2. Apart from this comments on the scholarly side of the paper I have only one remark. The complex studied by the authors is a 3D one but not a typical one. In this very system there are two intercalated 3D networks of the same species. According to my knowledge, there are no conductivity studies on the "simple" 3D systems like that of [Fe(pyz){M(CN)₄}] type, so it is not possible to compare them. Yet, this  peculiar character of the structure shall be mentioned.

 

Author Response

Referee 3

Comment: Already in the Abstract the readers is confronted with a sentence "to tune the charge transport properties of the material 19 from a more conductive low spin state to a crossover point towards a more conductive high spin state" I do not think that the abstract is the best place to make the reader to solve the puzzle offered by the idea of switching from something more conductive to something more conductive. The same sentence is repeated in the Conclusion yet I am still unable to understand the meaning of it.

Reply: This problem has not been indicated by Referees 1&2, we thus believe the message is fairly clear.

Comment: … while looking at Figure 2 one may ask the authors to indicate which branch of the curves presented there correpsonds to heating and cooling.

Reply: Figures 1 and 2 have been modified by indicating with arrows the heating and cooling branches.

Comment: Looking at the Figure 2d one may deduce that basing on the electrical measurements the hysteris of ca 25 K is retained at all values of the pressure.

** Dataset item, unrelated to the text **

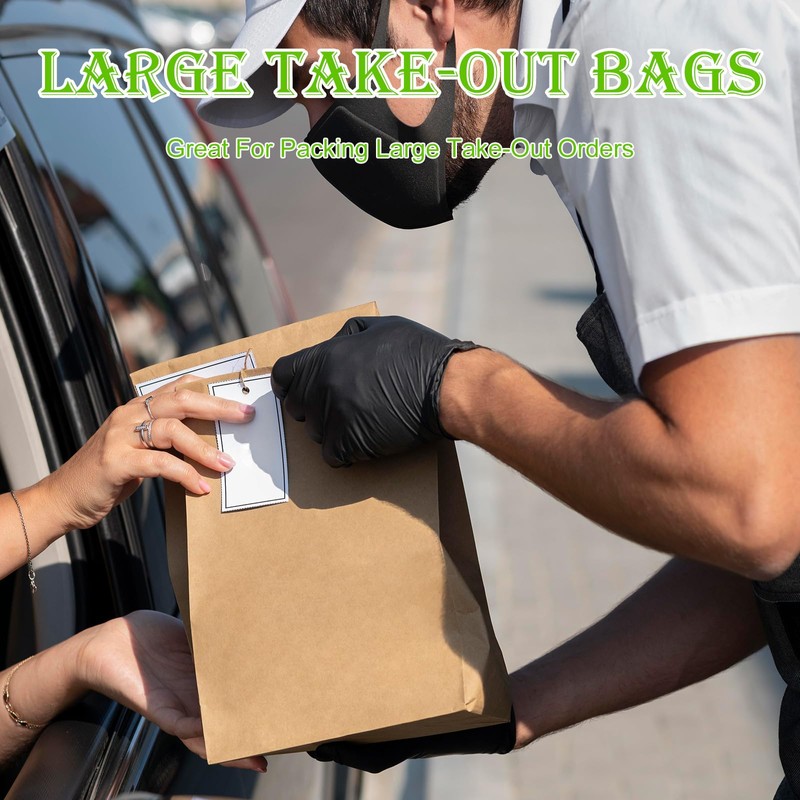 - Premium Material Brown Grocery Paper Bags: These large bags are made of food grade 80g kraft brown paper, which are sturdy and thick enough to hold up to 2-35 pounds. They are environmental friendly and recyclable, ideal for retail and small business use as packing bags or takeout bags

Yet this is contradictory to the decrease of hysteris in sigma, epsilon and M'' curves shown in the same Figures. Please comment on that.

Reply: There is no contradiction. The switching temperatures have been extracted from the temperature dependence of the first derivative of the ac conductivity (Fig. 2a), which are identical with the other electric/dielectric parameters. The hysteresis width is slightly decreasing from 16 K at 1 bar to 14 K at 2000 bars.

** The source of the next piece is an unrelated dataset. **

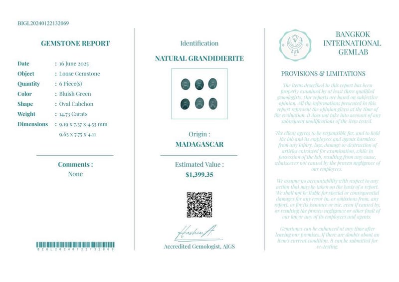 14.73 CARATS CERTIFIED NATURAL GRANDIDIERITE Gemstone : Natural GrandidieriteCertificate Number : Bigl20240122132069Weight : 14.73 CaratsColor : Bluish GreenMeasurement : 9.19 X 7.37 X 4.53 MmShape : Oval CabchonQuantity : 6 PieceOrigin : MadagascarComments : None• Use The Qr Code On The Packaging To View And Download The Certificate. • Verify Report Online At Www.Bangkokinternationalgemlab.Co Condition: Good - Refer Images 01611158+24

Comment: Additionaly, in my opinion an additional graphic showing the dependence of the molar fraction of the high-spin phase on temperature for different values of the pressure shall be shown.

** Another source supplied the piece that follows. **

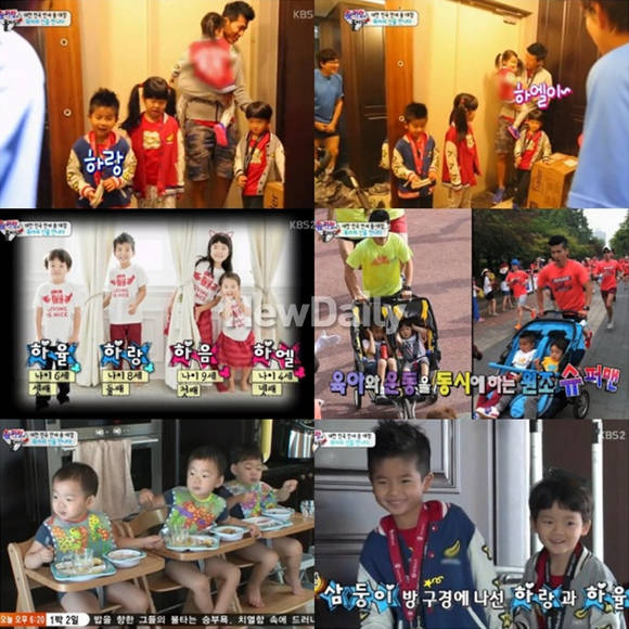 '슈퍼맨이 돌아왔다' 션 네 남매와 송일국의 삼둥이가 만났다.16일 방송된 KBS 2TV '해피선데이-슈퍼맨이 돌아왔다'에서 송일국과 삼둥이 대한-민국-만세는 가수 션과 네 남매 하음, 하랑, 하율, 하엘이와 첫 만남을 가졌다.이날 함께 션은 송일국과 마라톤 대회에 참가하기 위해 삼둥이의 집을 찾았다. 션 네 남매는 아침식사 중이던 삼둥이를 발견하고 신기한 표정을 지었다.특히, 션의 네 남매 하음, 하랑, 하율, 하엘은 아빠 션과 엄마 정혜영을 쏙 빼닮은 귀엽고 훈훈한 외모로 눈길을 사로잡았다.이어 삼둥이와 수줍게 인사를 나눈 션 사남매는 아침식사를 마친 삼둥이와 즐거운 시간을 보내며 금새 친해졌다. 무엇보다 삼둥이 둘째 민국은 누나 하음의 품에 안기며 남다른 애정을 드러내 웃음을 자아냈다.[슈퍼맨이 돌아왔다 션, 사진=SBS '슈퍼맨' 방송 캡처]

Reply: We have performed magnetic measurements under pressure on the two samples, which are now added to the revised ESI (Figures S3 and S4).

Comment: Figure 3. Please indicate where is the low-spin and where the high-spin state.

Reply: Figure 3 has been modified accordingly.

Comment: It is really awkward that the graphics showing the results for S2 differ totally from that for S1. Any comparison requires jumping between two different sets of Figures, one coloured and one black and white. At least one Figure in which the conductivity data for S1 and S2 were presented together would be of a great help

Reply: A figure that compares the temperature dependence of the electrical conductivity of the two samples, recorded at 1500 bars, has been inserted in the revised ESI (Figure S2).

Question: The complex studied by the authors is a 3D one but not a typical one. In this very system there are two intercalated 3D networks of the same species. According to my knowledge, there are no conductivity studies on the "simple" 3D systems like that of [Fe(pyz){M(CN)₄}] type, so it is not possible to compare them. Yet, this  peculiar character of the structure shall be mentioned.

Reply: Indeed, the structure of [Fe(pz){Au(CN)2}2] is built of two identical interpenetrated 3D frameworks, as established in ref. [27]. This does not leave any solvent available voids in the grid and makes this complex insensible to the guest effects, which are usually observed in 3D Hofmann clathrates [29]. In addition, an important feature of [Fe(pz){Au(CN)2}2] complex is a huge anisotropic deformation of the wine-rack type, which takes place upon spin transition. These deformations considerably change the geometry of the framework, which consequently may also influence the conductivity of the complex. We have added some notes on these points to the revised MS on page 5.

Round 2

Reviewer 2 Report

The authors answered my questions. I can see that the problem addressed by the authors is complicated, particularly in terms of understanding the influence of subtle structural differences on material properties. Nevertheless, taking into account the originality of the undertaken problem I suggests accepting the manuscript for publication in Magnetochemistry in the present form.